基金Wildlife Conservation and Management of National Forestry Bureau of China
文摘The vegetation and soil are mutual environmental factors, soil characteristics, such as chemical properties and microorganism that affect the vegetation occurrence, development and succession speed. In this study, we evaluated the structure of microbial communities of rhizosphere of Cowskin Azalea(Rhododendron aureum Georgi) populations and compared with non-rhizosphere soils at four sample sites of the Changbai Mountains, China, and analyzed the correlation between chemical properties of soil and microbial communities. The results showed that microbial structure and soil chemical properties are significant superior to non-rhizosphere at all four sample sites. The rhizosphere microorganisms are mainly composed of bacteria, actinomycetes, followed by fungi least.
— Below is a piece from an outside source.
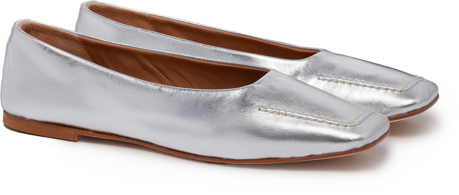 Add a touch of shimmer to your look with the Selma ballet flats in soft silver leather. Crafted from ultra-soft leather. The hand-sewn pinch stitching showcases artisanal flair, while the smooth leather lining and cushioned insole ensures a secure and comfortable fit. The hand-polished, flexible leather sole and a rubber heel pad provide added durability and grip, making them perfect for day-to-night wear. Made in Italy, they embody impeccable Italian craftsmanship.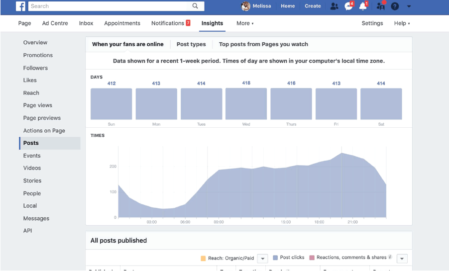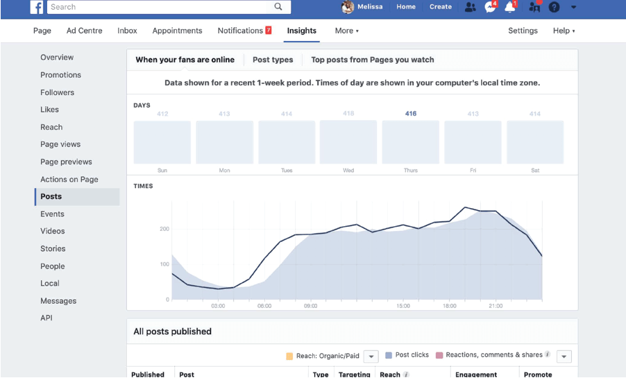 To see WHEN people are seeing your content on Facebook, click on Posts in the left menu.

The principal component analysis(PCA) biplot displayed that there are differences between rhizosphere and non-rhizosphere soils for microflora; Through correlation analysis, we found that the bacteria is clearly influenced by p H on the Changbai Mountains, besides p H, other soil features such as NO3–-N. These data highlight that R. aureum as the dominant vegetation living in the alpine tundra is a key factor in the formation of soil microorganism and improving soil fertility, and is of great significance for the maintenance of alpine tundra ecosystem.